[[ Supplied information open ]]

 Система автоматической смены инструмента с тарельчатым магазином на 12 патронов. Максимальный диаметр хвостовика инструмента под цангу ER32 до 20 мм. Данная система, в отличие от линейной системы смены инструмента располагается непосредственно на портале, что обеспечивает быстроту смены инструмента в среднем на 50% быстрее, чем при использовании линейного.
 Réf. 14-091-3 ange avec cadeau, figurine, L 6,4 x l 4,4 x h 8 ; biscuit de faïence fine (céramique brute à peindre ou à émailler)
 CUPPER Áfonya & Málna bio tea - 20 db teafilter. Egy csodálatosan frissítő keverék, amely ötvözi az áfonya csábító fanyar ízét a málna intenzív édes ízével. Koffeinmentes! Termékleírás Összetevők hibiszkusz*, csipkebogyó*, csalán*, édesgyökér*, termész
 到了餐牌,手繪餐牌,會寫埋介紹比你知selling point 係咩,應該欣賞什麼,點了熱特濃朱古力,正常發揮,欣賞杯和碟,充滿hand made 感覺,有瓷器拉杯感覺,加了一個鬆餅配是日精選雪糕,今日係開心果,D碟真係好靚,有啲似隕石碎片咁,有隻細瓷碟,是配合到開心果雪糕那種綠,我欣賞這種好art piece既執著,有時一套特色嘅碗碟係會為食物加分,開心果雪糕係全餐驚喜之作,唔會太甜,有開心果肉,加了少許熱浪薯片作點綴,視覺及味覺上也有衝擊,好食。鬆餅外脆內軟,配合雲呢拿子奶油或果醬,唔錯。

[[ Supplied information closed ]]
[[ Supplied information open ]]

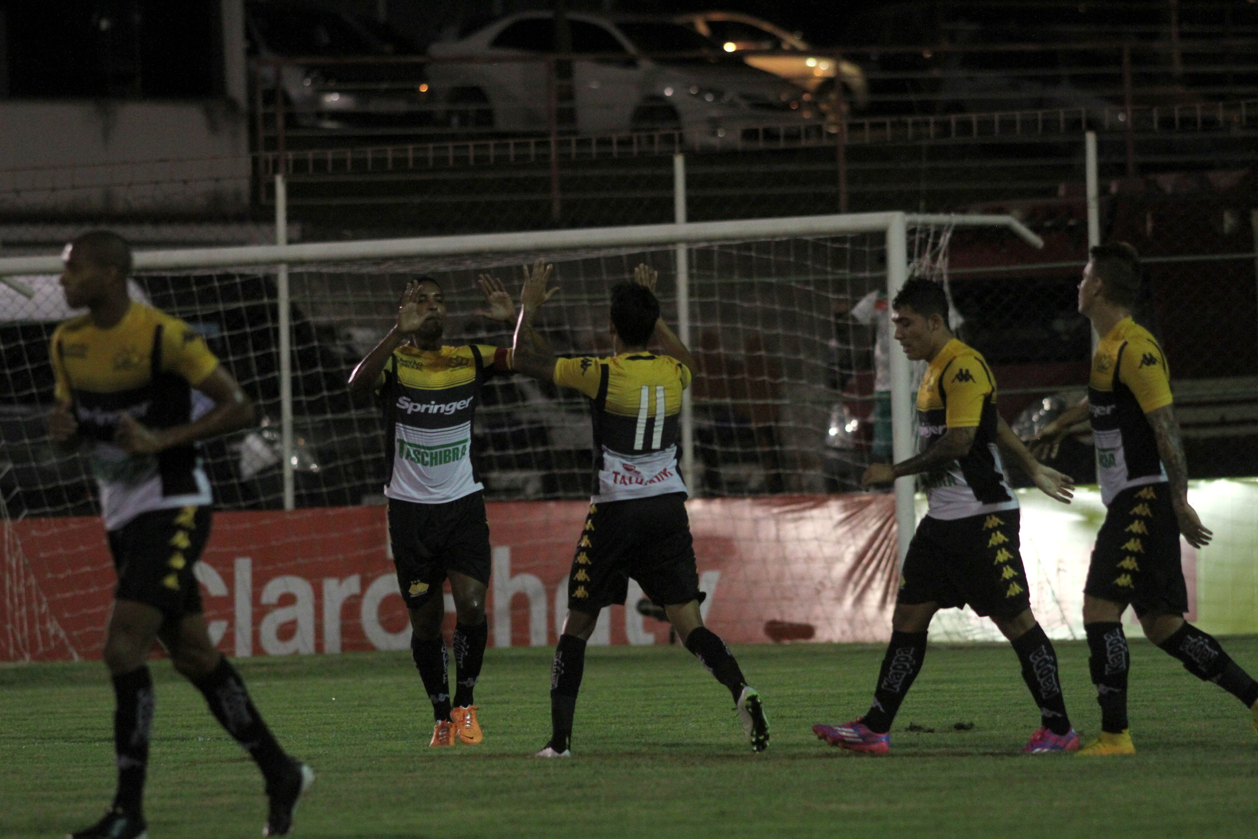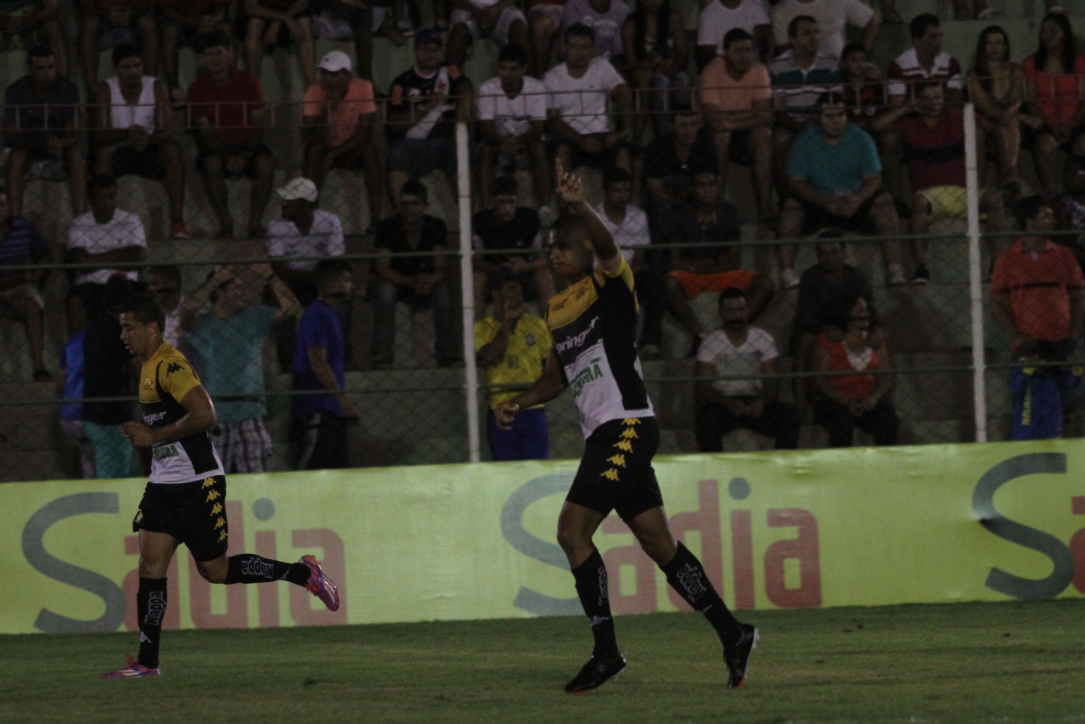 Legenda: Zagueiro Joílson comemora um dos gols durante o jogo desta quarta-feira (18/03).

[[ Supplied information closed ]]

Within the listing above, the range opens at the line with "Система автоматической смены" and closes at the line with "CUPPER Áfonya &". Reproduce exactly the lines of that range, including both ends.

**Response box**
 Система автоматической смены инструмента с тарельчатым магазином на 12 патронов. Максимальный диаметр хвостовика инструмента под цангу ER32 до 20 мм. Данная система, в отличие от линейной системы смены инструмента располагается непосредственно на портале, что обеспечивает быстроту смены инструмента в среднем на 50% быстрее, чем при использовании линейного.
 Réf. 14-091-3 ange avec cadeau, figurine, L 6,4 x l 4,4 x h 8 ; biscuit de faïence fine (céramique brute à peindre ou à émailler)
 CUPPER Áfonya & Málna bio tea - 20 db teafilter. Egy csodálatosan frissítő keverék, amely ötvözi az áfonya csábító fanyar ízét a málna intenzív édes ízével. Koffeinmentes! Termékleírás Összetevők hibiszkusz*, csipkebogyó*, csalán*, édesgyökér*, termész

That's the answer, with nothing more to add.